Rare diseases currently impact roughly one in ten Americans, yet the way they are documented in clinical systems has not always reflected their complexity. Inconsistent definitions and imprecise terminology can make it harder to identify patients, connect data across systems, and fully support research efforts.
That is beginning to change.
As announced in a recent press release, IMO Health has operationalized Mondo rare disease knowledge directly within everyday clinical workflows, making research-grade rare disease definitions usable at the point of care. Instead of living primarily in research environments, this knowledge is now embedded where clinical decisions and documentation actually happen.
Turning research definitions into usable clinical terms
The Mondo ontology, developed by the Monarch Initiative and led by Dr. Melissa Haendel, harmonizes rare disease definitions across clinical and genetic sources. It creates a unified, computable framework that helps standardize how rare diseases are defined and understood.
IMO Health has mapped nearly 5,000 new rare disease diagnoses and updated more than 25,000 existing terms to Mondo. The expansion enables clinicians to continue using familiar IMO Health terms when documenting in the electronic health record (EHR). Behind the scenes, those terms are connected to standardized Mondo IDs, bringing consistency across care, research, and analytics.
This approach translates complex research knowledge into clinician-friendly language that fits naturally into existing workflows. The expanded terminology is available for integration into EHR systems, helping normalize structured rare disease capture as part of routine care.

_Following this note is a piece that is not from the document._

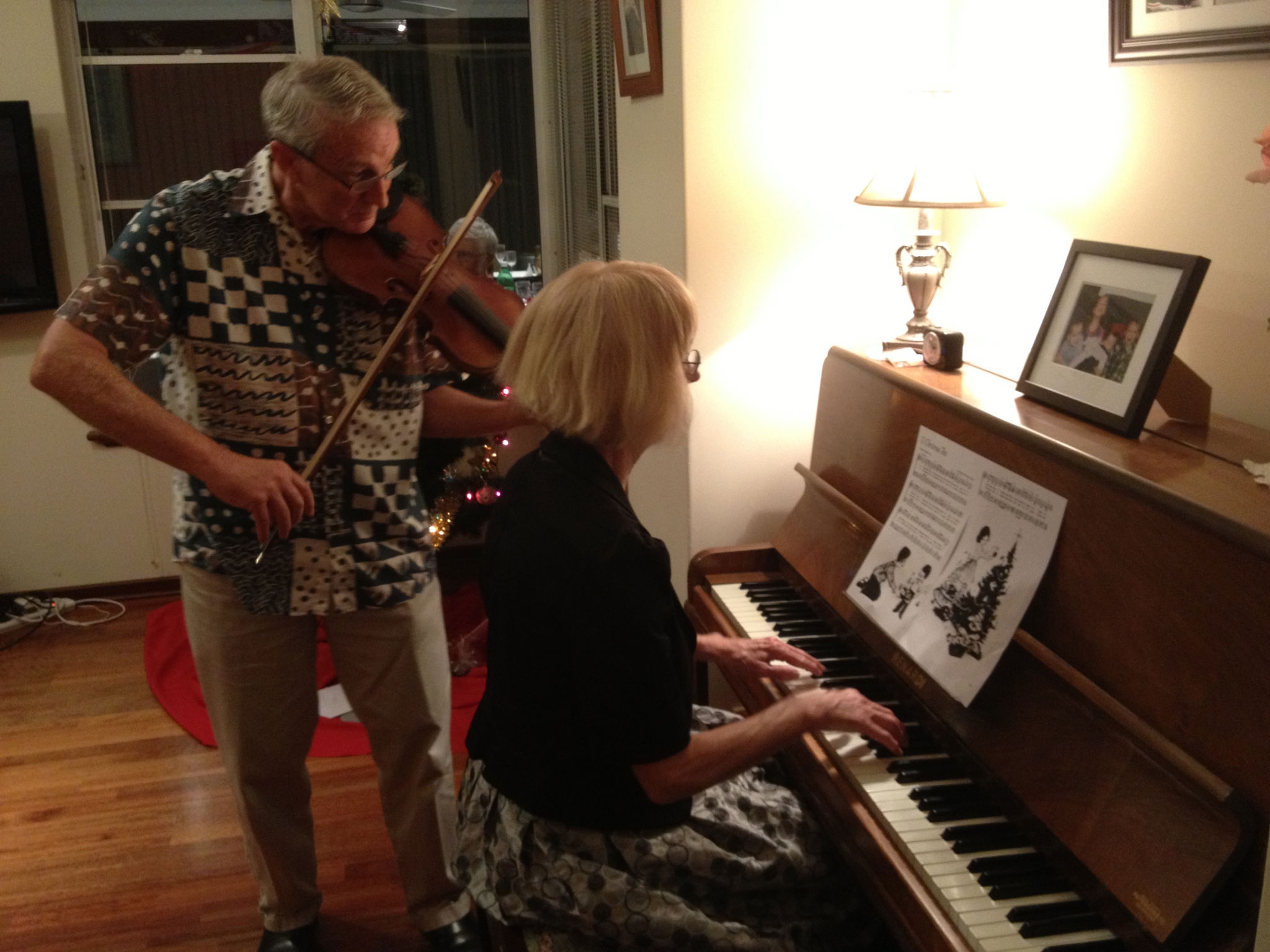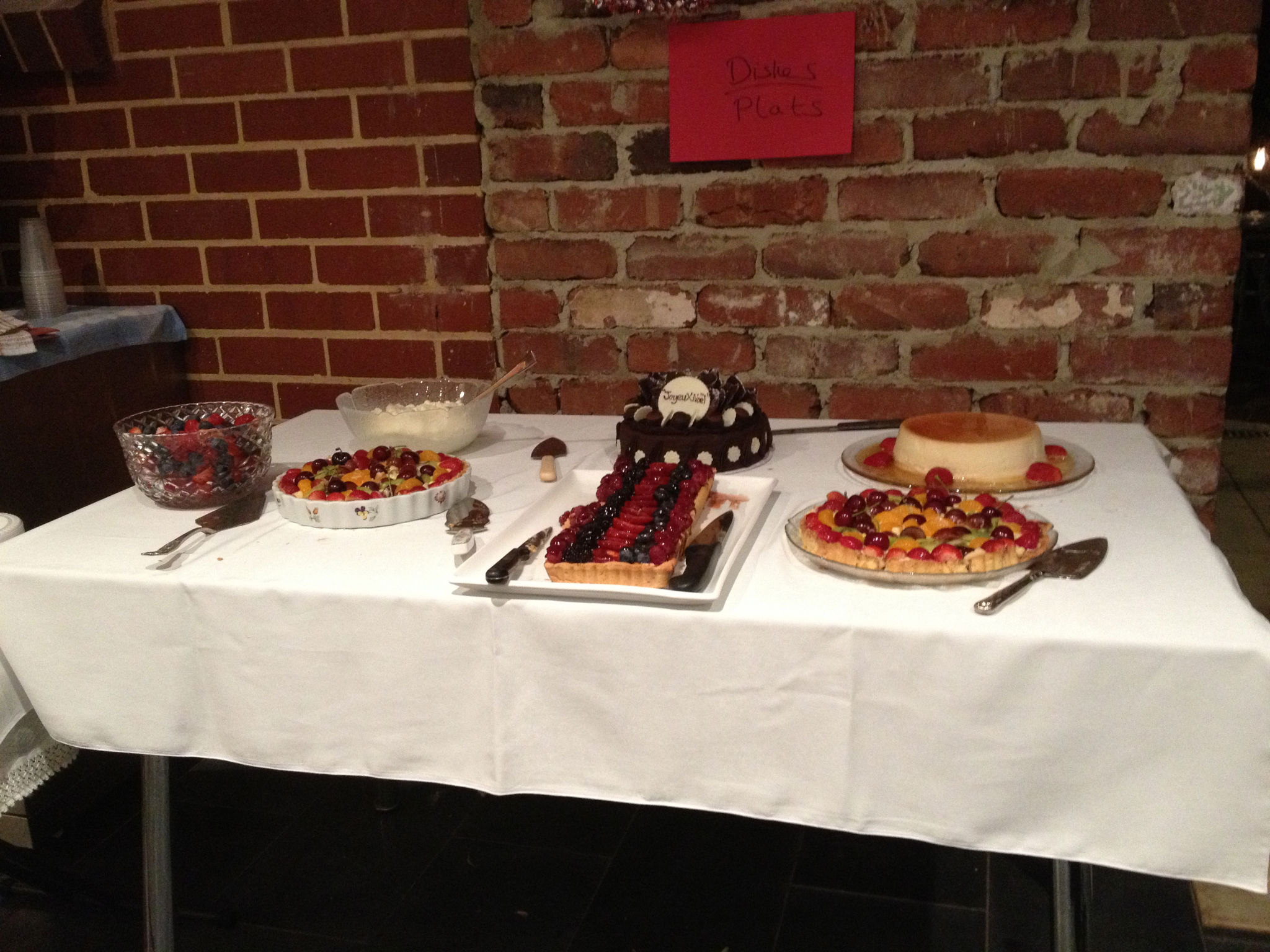 Once this sumptious meal was over, the guest-spouses were treated to live entertainment in french, performed by our students. One of the most uplifting song from the french movie: Les Choristes – “Vois sur ton Chemin” was sung in french by all students, followed by a recital of Jean de La Fontaine fable: Le Corbeau et le Renard performed by Val. Cecil gave a passionate recital of one of Piaf’s songs: Les Amants d’un Jour, followed by a short skit of Jacques Prevert: L’Accent Grave by Ginny and Aileen. This gloriously french evening concluded with another befitting song: Mon Beau Sapin with live accompaniment. On the piano: Jenny and violin: Peter.

Dr. Melissa Haendel, PhD, Director of Precision Health and Translational Informatics at the University of North Carolina School of Medicine and co-founder of the Monarch Initiative, has long emphasized the importance of shared disease definitions. Embedding high-quality rare disease knowledge directly into clinical workflows helps ensure that clinicians, researchers, and patients are working from the same foundation.
What more precise rare disease data makes possible
Capturing rare diseases consistently and in structured form at the source enables health systems to:
- Reduce time to diagnosis through terminology aligned with current scientific and genetic understanding
- Identify and cohort patients more accurately, with fewer false positives and less manual chart review
- Strengthen treatment planning and clinical trial matching with unified disease definitions
Research from Cincinnati Children’s highlights this potential. Using IMO Health’s terminology to identify rare disease patients in EHR data uncovered 5.5 times more diseases and 20% more patients compared to standard ICD-10 coding alone. With Mondo integration, coverage for rare genetic disease diagnoses expands from 51% to 75% while maintaining more than 99% precision.
These results point to a meaningful improvement in visibility and accuracy – both essential for patients navigating complex conditions.
A stronger foundation for research and artificial intelligence
Operationalizing Mondo within clinical workflows supports care delivery today and creates a stronger data foundation for tomorrow.
As rare disease data becomes consistently structured and computable, health systems and life sciences organizations can build more complete longitudinal patient journeys. That foundation enables better cohort identification, more reliable trial feasibility analysis, and higher quality real-world evidence.
It also supports the analytics and AI initiatives that depend on precise, standardized clinical data.
By embedding rare disease knowledge directly into its clinical vocabulary platform, IMO Health is helping make rare disease data more visible, more usable, and more actionable across the healthcare ecosystem.